Items listed in a dataset:
[Start of section]

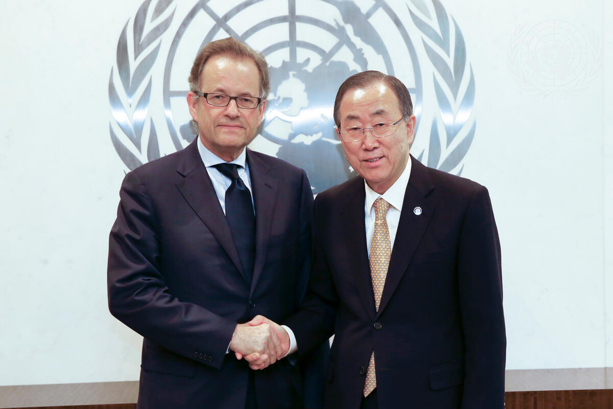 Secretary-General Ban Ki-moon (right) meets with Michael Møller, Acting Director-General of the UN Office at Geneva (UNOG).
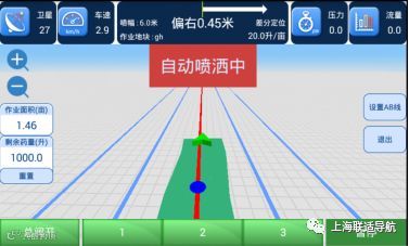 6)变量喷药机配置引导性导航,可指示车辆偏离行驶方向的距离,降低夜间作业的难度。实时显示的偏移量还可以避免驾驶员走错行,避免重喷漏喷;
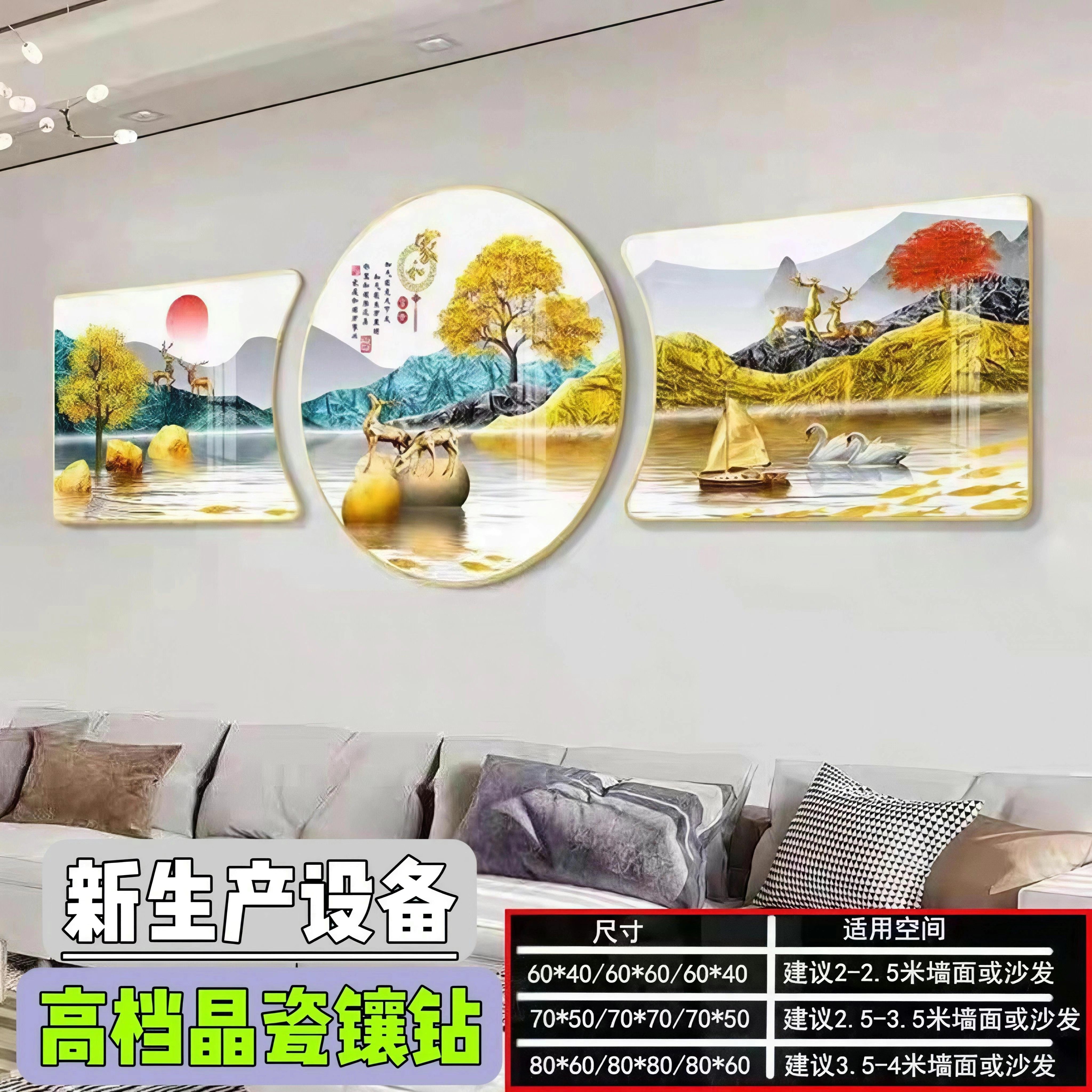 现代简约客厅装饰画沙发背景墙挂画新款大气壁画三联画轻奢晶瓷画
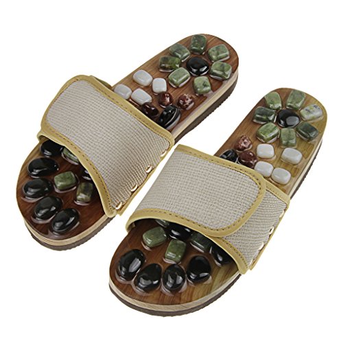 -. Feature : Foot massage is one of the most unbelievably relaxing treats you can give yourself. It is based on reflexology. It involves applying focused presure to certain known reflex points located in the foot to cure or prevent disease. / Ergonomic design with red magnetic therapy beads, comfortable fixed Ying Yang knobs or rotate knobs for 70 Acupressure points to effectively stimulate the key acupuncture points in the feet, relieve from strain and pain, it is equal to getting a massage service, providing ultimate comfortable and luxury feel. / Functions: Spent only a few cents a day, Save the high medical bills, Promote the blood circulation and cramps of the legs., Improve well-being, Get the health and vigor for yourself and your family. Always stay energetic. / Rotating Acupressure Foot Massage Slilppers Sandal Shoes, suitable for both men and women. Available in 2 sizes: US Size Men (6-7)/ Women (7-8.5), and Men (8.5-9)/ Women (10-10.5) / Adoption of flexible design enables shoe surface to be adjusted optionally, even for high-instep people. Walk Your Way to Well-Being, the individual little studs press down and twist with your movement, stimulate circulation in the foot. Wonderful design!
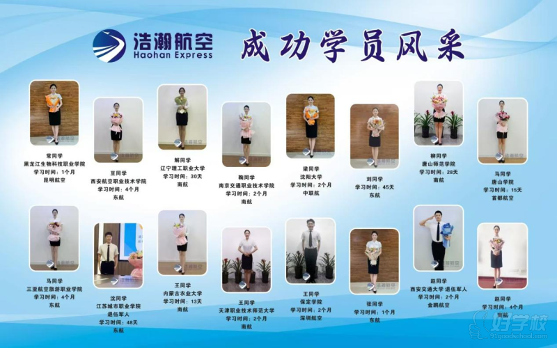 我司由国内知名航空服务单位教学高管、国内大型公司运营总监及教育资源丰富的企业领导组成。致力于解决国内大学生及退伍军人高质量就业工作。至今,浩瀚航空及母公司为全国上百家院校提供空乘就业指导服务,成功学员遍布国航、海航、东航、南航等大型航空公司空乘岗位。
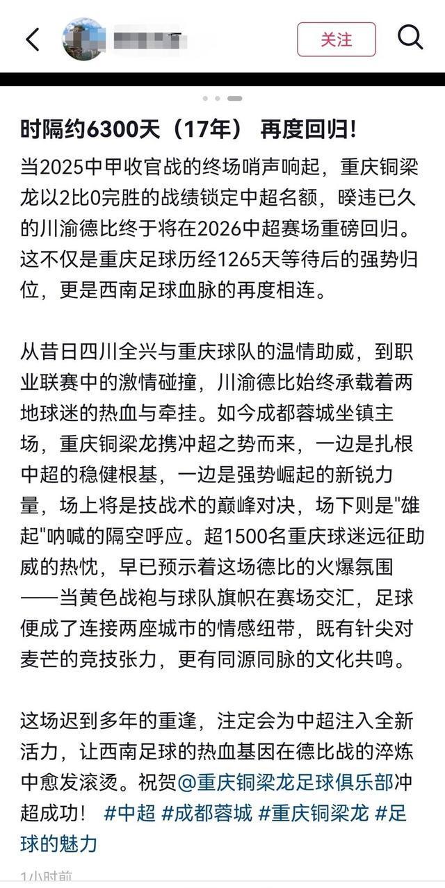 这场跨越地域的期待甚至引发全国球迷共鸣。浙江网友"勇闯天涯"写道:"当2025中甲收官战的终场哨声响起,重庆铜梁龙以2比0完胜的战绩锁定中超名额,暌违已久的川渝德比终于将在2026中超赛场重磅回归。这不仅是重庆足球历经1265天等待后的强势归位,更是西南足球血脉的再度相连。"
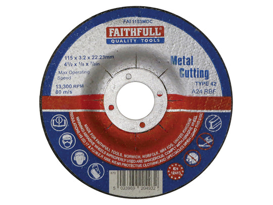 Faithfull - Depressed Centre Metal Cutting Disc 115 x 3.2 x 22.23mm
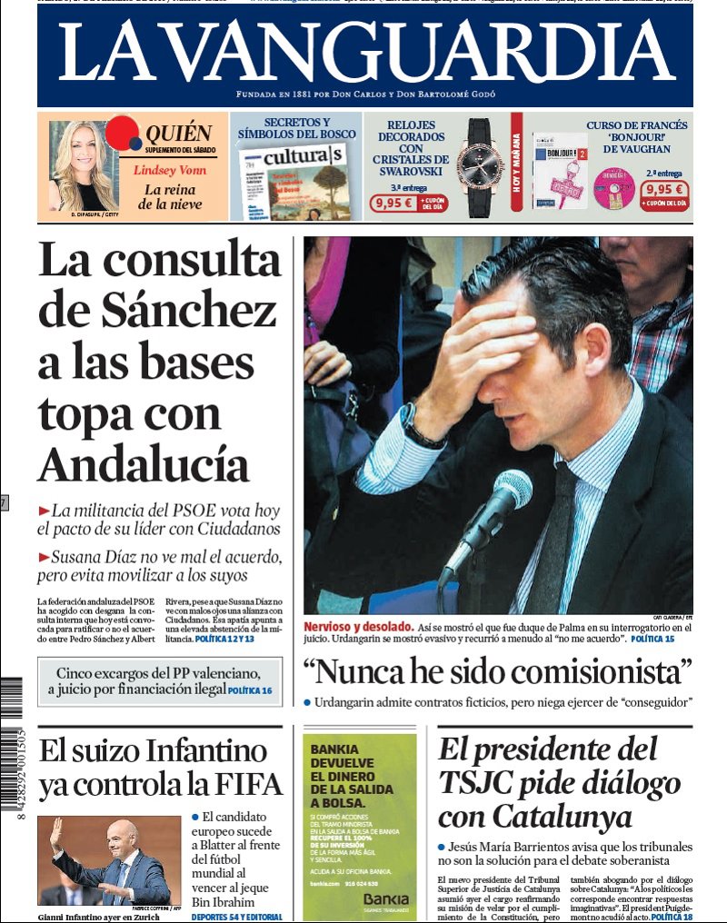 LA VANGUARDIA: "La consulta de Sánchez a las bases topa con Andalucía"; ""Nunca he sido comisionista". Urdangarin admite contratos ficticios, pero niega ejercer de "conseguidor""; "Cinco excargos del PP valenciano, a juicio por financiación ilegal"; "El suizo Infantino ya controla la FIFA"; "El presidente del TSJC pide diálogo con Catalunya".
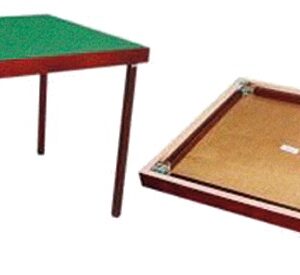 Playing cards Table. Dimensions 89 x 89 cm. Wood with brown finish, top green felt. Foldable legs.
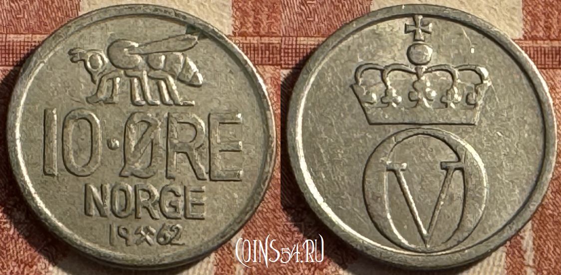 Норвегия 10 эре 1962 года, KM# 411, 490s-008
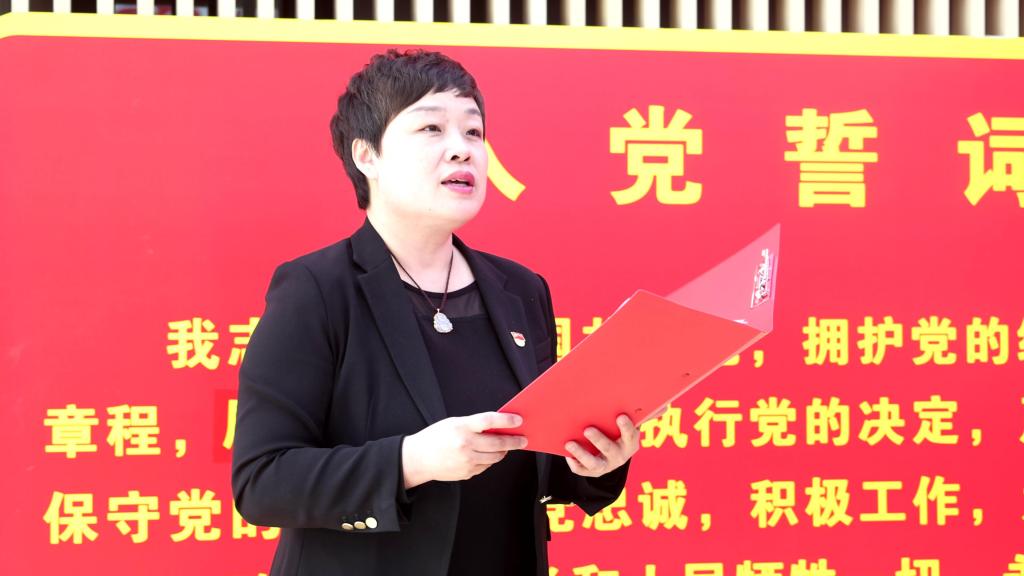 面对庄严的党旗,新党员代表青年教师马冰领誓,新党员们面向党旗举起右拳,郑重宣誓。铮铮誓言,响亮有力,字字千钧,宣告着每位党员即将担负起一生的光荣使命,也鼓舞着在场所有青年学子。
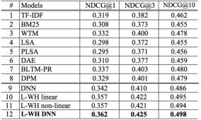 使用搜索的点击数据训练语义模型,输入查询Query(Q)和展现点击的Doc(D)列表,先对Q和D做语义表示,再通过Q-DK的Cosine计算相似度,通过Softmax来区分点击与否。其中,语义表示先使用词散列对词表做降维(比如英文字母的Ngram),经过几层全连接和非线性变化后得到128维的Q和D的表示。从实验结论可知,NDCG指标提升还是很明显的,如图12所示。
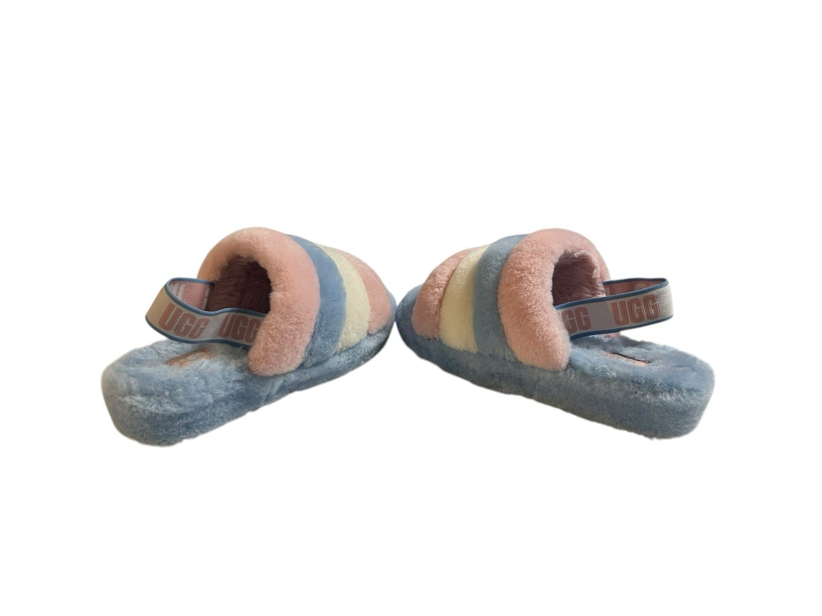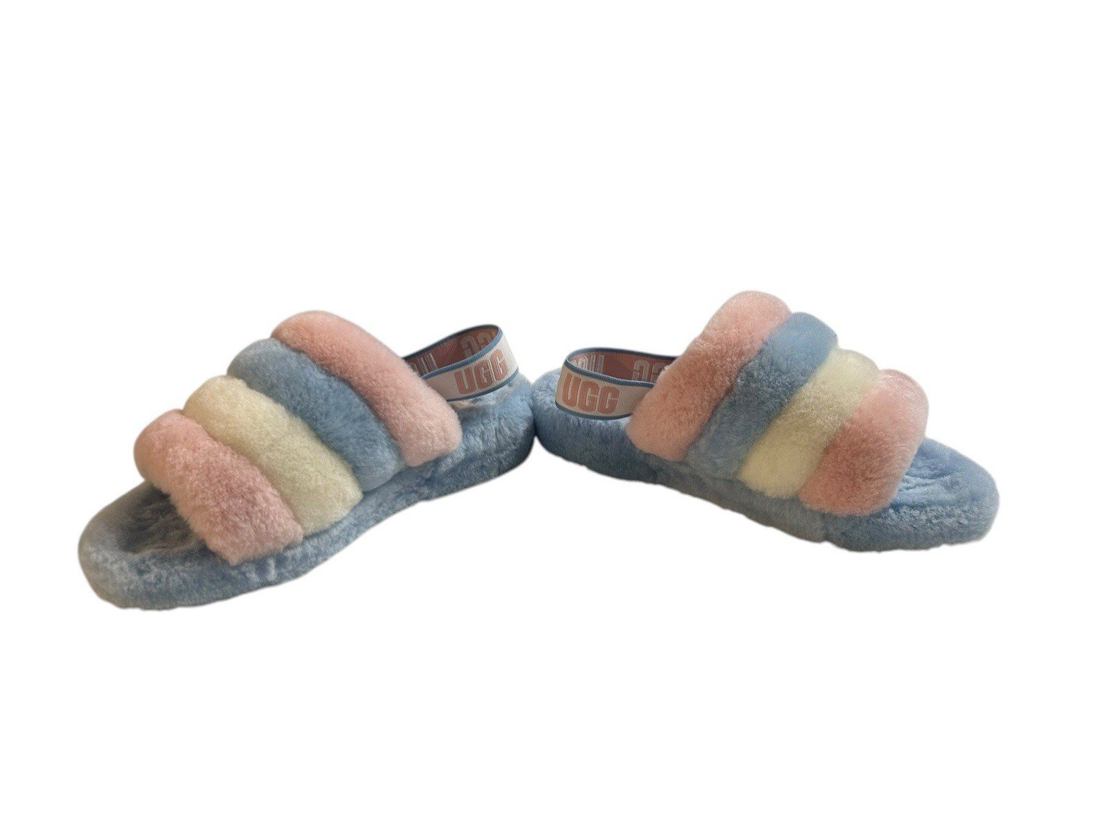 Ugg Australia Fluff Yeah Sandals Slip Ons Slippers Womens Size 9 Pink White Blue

[End of section]

PROBLEM STATEMENT | Copy out exactly the lines above beginning with the line that contains "这场跨越地域的期待甚至引发全" and finishing with the line that contains "Норвегия 10 эре 1962 года, KM# 411, 490s-008", including both; leave the pictures out.

RESULT |
 这场跨越地域的期待甚至引发全国球迷共鸣。浙江网友"勇闯天涯"写道:"当2025中甲收官战的终场哨声响起,重庆铜梁龙以2比0完胜的战绩锁定中超名额,暌违已久的川渝德比终于将在2026中超赛场重磅回归。这不仅是重庆足球历经1265天等待后的强势归位,更是西南足球血脉的再度相连。"
 Faithfull - Depressed Centre Metal Cutting Disc 115 x 3.2 x 22.23mm
 LA VANGUARDIA: "La consulta de Sánchez a las bases topa con Andalucía"; ""Nunca he sido comisionista". Urdangarin admite contratos ficticios, pero niega ejercer de "conseguidor""; "Cinco excargos del PP valenciano, a juicio por financiación ilegal"; "El suizo Infantino ya controla la FIFA"; "El presidente del TSJC pide diálogo con Catalunya".
 Playing cards Table. Dimensions 89 x 89 cm. Wood with brown finish, top green felt. Foldable legs.
 Норвегия 10 эре 1962 года, KM# 411, 490s-008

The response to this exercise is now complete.